Если уж говорить о предшественниках (да и то – условных!), то обсуждать надо было бы фигуру Томаса Карлейля. Именно он в 40-х годах девятнадцатого столетия читал публичные лекции о героях и великих людях, утверждая, что великие люди, личности – смысл и соль истории. «Из всех прав самое неоспоримое – это право умного (силой ли, уговорами ли) вести дураков», – так звучит один из его известных афоризмов. Карлейль пытался натуралистически проинтерпретировать историю, трактуя общества как организмы, проходящие различные стадии развития и, в конце концов, ослабевающие, дряхлеющие и умирающие. Применительно к творчеству этого шотландского мыслителя впервые было употреблено словосочетание «героический витализм»: таким именем стали обозначать подход, объединяющий аристократизм и натурализм, согласно которому логика истории ведет к господству сильных, благородных, интеллектуально развитых, что, по сути, противоречит демократическим тенденциям[166]. Ведь «кого небо сделало рабом, того никакое парламентское голосование не в состоянии сделать свободным», – был убежден Карлейль. И уже позднее «героическими виталистами» стали называть Рихарда Вагнера, Фридриха Ницше, Бернарда Шоу. Называли так и Леонтьева[167]. Правда, Карлейль тоже был предшественником «виртуальным»: Леонтьев его работ не читал. Речь можно вести не о заимствовании, а о перекличке идей, что свидетельствует о мало замеченной тенденции позапрошлого века.
Для Леонтьева было характерно не столько теоретическое обоснование «героизма», сколько выбор «героической» жизненной стратегии для себя. «Составные части «героического» способа жизни Леонтьева несложны, – пишет один из современных исследователей творчества Константина Николаевича, Д. М. Володихин, – огромное честолюбие, отвага, верное служение государю и отечеству, покорение женских сердец. Цель – слава…»[168] Может быть, это излишне упрощенное представление о жизненном кредо молодого Леонтьева, но большая доля истины в таком понимании, несомненно, есть.
В студенческие годы до героизма Леонтьеву было далеко: он был нервным, страдающим, постоянно рефлектирующим юношей, в голове которого, как он сам позднее признавался, любая мелочь могла вырасти до космических размеров. Но война и самостоятельная жизнь переродили его, – он действительно играл роль героя, хотя бы в собственных глазах. Позднее на место героя придет – не без тяжелой борьбы! – монах, но пока именно героическая жизненная стратегия прослеживалась в его поступках и решениях. Причем леонтьевский герой сражался под знаменем эстетизма.

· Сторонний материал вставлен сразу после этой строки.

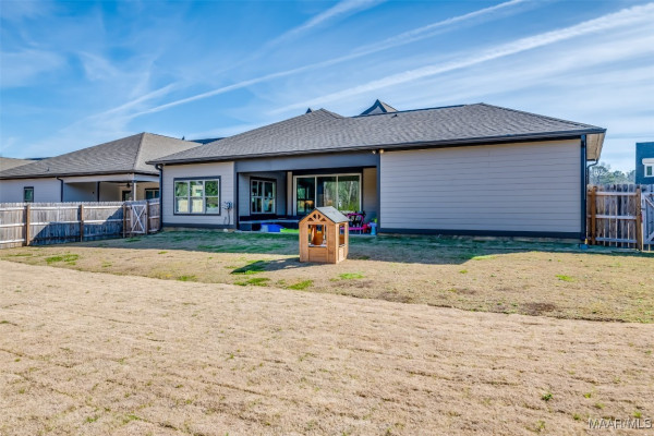 New Listing in Pike Road! They wish they could take it with them! This well-kept and much-loved home is almost new and includes all of the move-in ready features! Full privacy fence, blinds and stainless refrigerator are all included in this special one-level design. The Sheffield plan is a 3-sided brick home with Hardie & stone accents, has 3-bedrooms, 2.5 baths and offers tons of character! The circular foyer welcomes you into a gallery hallway that leads to a large great room with 10 ft. ceilings, a gas fireplace, and a beautiful 12 ft. sliding glass door opens your view to the roomy 12×20 covered back patio and fully fenced back yard with a private wooded view. This plan is comfortable and perfect for entertaining! The kitchen has vaulted ceilings and features an oversized work island with enough room for extra seating, an upgraded appliance package with gas cooktop & matching cabinet vent hood, and a large walk-in pantry. The dining area is bright and spacious with a view to the backyard, and the half bath is conveniently located off of the family room and close to the garage. The master suite has double vanities, a tiled walk-in shower, a separate oversized garden tub and a huge walk-in closet. The spare bedrooms both have large walk-in closets. There’s an amazing loft storage space with a tucked away stairwell that leads you to this upstairs space. The rear loading attached garage provides a long stately driveway with ample parking and the morning side porch is a charming plus! Additional home features include High Energy standards with Smart Home Features, Low-E Windows, a Tankless gas water heater, Architectural shingles and gutters. Penn Meadows’ convenient location is nestled in a private wooded setting, is less than a mile to the new Publix Shopping Center in Pike Road, and easy access to Pike Road Schools, East Chase Shopping, and I-85.

С точки зрения Леонтьева, эстетический критерий – самый широкий, он применим ко всему на свете. Он рассуждал так: религиозная мистика может быть критерием для оценки происходящего только в глазах единоверцев («ибо нельзя христианина судить по-мусульмански и наоборот»), этика и политика – срабатывают только для оценки человеческих поступков, биология применима лишь к живому, но физика и эстетика – наиболее общие критерии, они работают «для всего». Прекрасны и Алкивиад, и тигр, и алмаз; эстетическая оценка – не только всеобщая, но и самая точная. Устами Милькеева Леонтьев убеждал читателя: «нравственность есть только уголок прекрасного, одна из полос его. Главный аршин – прекрасное». Поэтому Нерон предпочтительнее Акакия Акакиевича, хотя и гораздо безнравственнее его. Позднее герой другого леонтьевского романа будет думать сходным образом: «Лучший критериум поступков – это что к кому идет»[169]. Постаревший и уверовавший в Бога Леонтьев говорил, что его умом завладела тогда «вредная» мысль о том, что нет ничего безусловно нравственного, что все нравственно или безнравственно только в эстетическом смысле.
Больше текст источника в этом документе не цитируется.